Always a good thing.
Dr. Flores uses her knowledge, schooling and just plain logic to analyze Wolverine. The author obviously has done research beyond just watching the X-Men movies, but she also read the comic books and interviewed the creators themselves for more insights.
Before starting the analysis, the author writes a thorough examination of the anti-hero himself, what makes him who he is, past events which shaped him, major milestones and relationships.  Wolverine’s wonderful / disturbing quote of “I’m the best there is at what I do … but what I do isn’t very nice” is featured prominently throughout the book – and I can’t blame her, it’s a brilliantly descriptive quote which captures the essence of the character.
I enjoyed learning how the writers and artists came to create Wolverine, mainly as a Canadian hero to capture a readership segment. I was also surprised that much of the history of Wolverine came from the author’s personal life, which is why it hit so many chords with readers all around the world.
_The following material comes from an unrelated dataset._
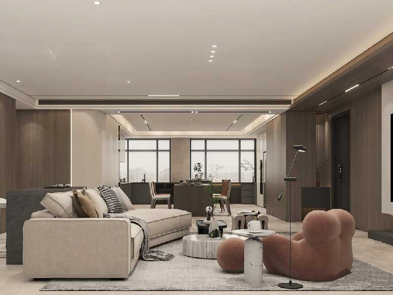 借助灯光设计去提升空间层次是比较合理实用的一种方式,布局隐藏灯带等,技能提升空间氛围感也能赋予层次。
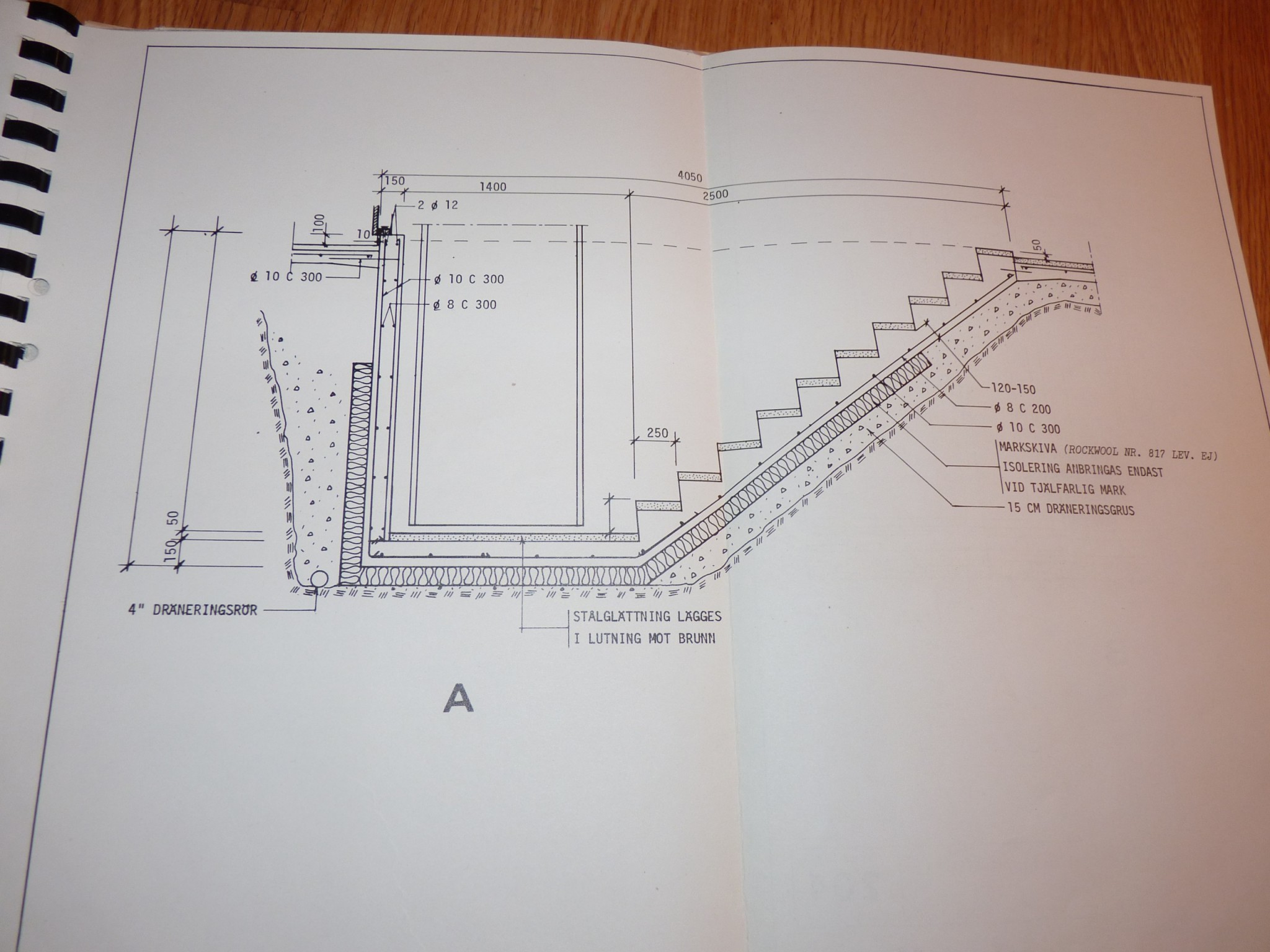 Byggplanen, sett längs långsidan av trappan. I verkligheten går nog den gamla isoleringen högre, men byggplanen verkar bara tycka att det är viktigt när man börjar närma sig frostfritt djup:

This book is short, but very well organized, so well organized in fact that I noticed how organized it is. The themes, events, and theories all have their own place, as well as dedicated chapters to portions of Wolverine’s life and battles (with others, himself and romantic ones as well).
If you like the comic books, the character, the X-Men team, or just the Marvel Universe this book will certainly be right up your alley. The author makes connections to the story-lines and themes to today’s world, explaining the role comic books, or as I like to refer to them as American Mythology, have on our society and the future.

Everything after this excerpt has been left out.